Mr. Franklin, you've done some crazy stuff, like those "fresh air baths" you insisted were so good for you when all you wanted to do really was stand in front of your front window naked.
And we all know about tying keys to kite strings and trying to catch electricity and who chases lightning in the hopes of getting struck??
But March 10, what you started with the setting of our clocks one hour FORWARD? You just couldn't get your naked self to the window fast enough so now, at 2 a.m., you've got us paying the price. That's just ... wrong. Selfish. We love our sleep. And on a weekend night especially. But now it's Saturday night and I'm so tired it's going to feel more like being unconscious than falling asleep, but first I have to knowingly set my clock ahead for something you've anointed as Daylight Saving Time? I'm supposed to have sweet dreams knowing I'm getting robbed?
As you get older, sleep doesn't just feel more like a cryogenic chamber. It becomes the time when free radicals within my system are being tamed; I can feel my body restoring and repairing and replenishing. Sleep becomes my Oil of Olay.
And Benjamin has taken from me what I need more of, nature's Juvaderm. Time spent suspended in no activity is what I need to produce collagen -- the dermal filler and structural protein that plumps and smooths my creases and cracks. This is a serious matter. Beautiful, deep, restorative sleep -- and I'll be getting one less hour of it now.
For more salt in the wounds, I just found out tonight that a state can CHOOSE to participate or not in DST. Whaaaat? Yes, Arizona and Hawaii have just said no thanks. I feel like the day I found out I could have said no to the medical residents at our teaching hospital in that matter of an extra cervical check (read able to check "saw ripe cervix of woman about to give birth" off their list of Things To Do To Graduate) when I was ready to deliver my babies.
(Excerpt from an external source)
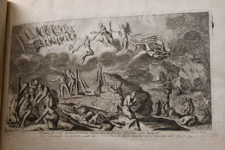 Seiten XXX, 476, XXIII, 400, XXVI, 470, XXXII, 512 Sp.; XXXVI, 416, XXXII, 456, XXXVI, 472, XXVIII, 464 Sp.; 2 Bll, XXVIII, 290, 386, 439 [recte 438], 350, 338 Sp. mit 8 Kupfern von Thomassin.

I had no idea I could just say no.
We can say no to a lot of things, I keep finding out.
Why don't we say no? We have electricity now, we don't have to worry about a shortage on candle wax, Mr. Franklin -- and people don't quit plowing the fields because it's gotten dark out. Dark sky? Flip the switch on your John Deere tractor and keep on working.
I'm with Arizona, no more messing with nature. Time is made the way it's made and our bodies have adjusted to it. All these tricks to fool ourselves and find extra light in our day, it doesn't change the amount of hours we have: 24.
I'm going to say no. On the outside, I'll go along with the rest of you because I have to, but the inside me is saying no to Daylight Saving Time.
So many headaches come from it. Especially the biggest one, even bigger than losing an hour of age defying beauty sleep -- and it's this, a sound like fingernails on a chalk board: hearing Daylight SavingS Time. Said with an s after saving. Listening to that -- instead of Daylight Saving no S Time, over a hundred times today, is going to be hard to take.
Especially on one less hour of sleep the night before.